* Task requirements:
Beneath this instruction is a block of data; output from it exactly the lines that run from the one containing "試乗車のボディ寸法は、全長4" through the one containing "2022 new all-match", inclusive.

* Data supplied:
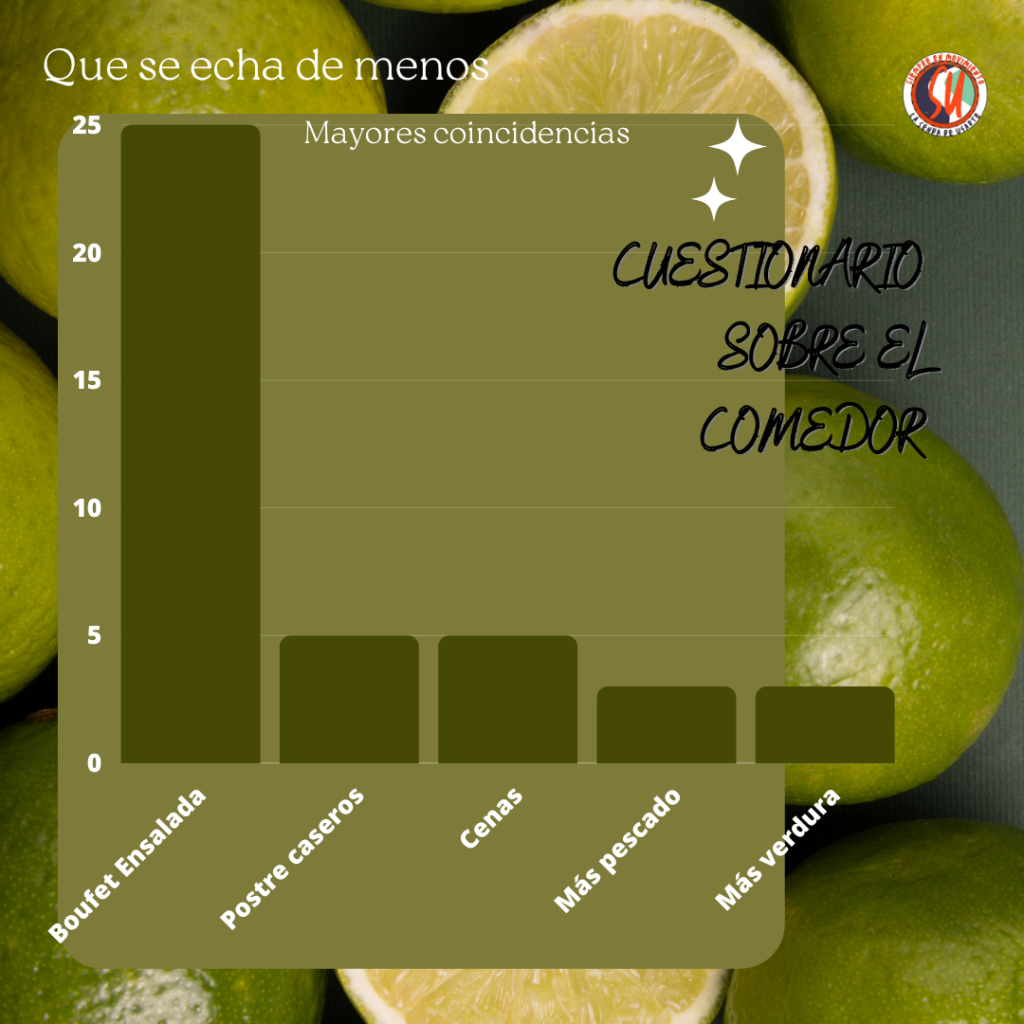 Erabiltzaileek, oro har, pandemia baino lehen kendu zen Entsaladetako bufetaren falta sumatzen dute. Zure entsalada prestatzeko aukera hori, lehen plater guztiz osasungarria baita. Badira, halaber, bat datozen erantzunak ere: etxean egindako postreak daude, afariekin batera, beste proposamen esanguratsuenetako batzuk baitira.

...

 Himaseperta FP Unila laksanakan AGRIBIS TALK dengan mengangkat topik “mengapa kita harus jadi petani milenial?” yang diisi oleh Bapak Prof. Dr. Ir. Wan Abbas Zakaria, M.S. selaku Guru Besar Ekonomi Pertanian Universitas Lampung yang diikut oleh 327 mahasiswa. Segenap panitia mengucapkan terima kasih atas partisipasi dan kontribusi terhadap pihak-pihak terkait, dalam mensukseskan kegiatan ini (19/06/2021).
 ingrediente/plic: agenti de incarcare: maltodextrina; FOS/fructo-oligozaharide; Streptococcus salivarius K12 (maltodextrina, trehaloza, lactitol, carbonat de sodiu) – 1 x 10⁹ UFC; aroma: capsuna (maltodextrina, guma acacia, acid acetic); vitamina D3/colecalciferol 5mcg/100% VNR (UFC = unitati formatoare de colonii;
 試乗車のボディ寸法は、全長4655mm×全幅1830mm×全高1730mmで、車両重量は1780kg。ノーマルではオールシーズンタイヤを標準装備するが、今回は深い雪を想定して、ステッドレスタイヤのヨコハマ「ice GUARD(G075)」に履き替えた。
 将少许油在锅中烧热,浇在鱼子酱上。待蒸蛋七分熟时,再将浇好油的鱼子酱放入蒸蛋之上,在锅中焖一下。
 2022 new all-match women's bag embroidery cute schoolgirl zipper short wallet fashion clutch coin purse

* Reply to the task:
 試乗車のボディ寸法は、全長4655mm×全幅1830mm×全高1730mmで、車両重量は1780kg。ノーマルではオールシーズンタイヤを標準装備するが、今回は深い雪を想定して、ステッドレスタイヤのヨコハマ「ice GUARD(G075)」に履き替えた。
 将少许油在锅中烧热,浇在鱼子酱上。待蒸蛋七分熟时,再将浇好油的鱼子酱放入蒸蛋之上,在锅中焖一下。
 2022 new all-match women's bag embroidery cute schoolgirl zipper short wallet fashion clutch coin purse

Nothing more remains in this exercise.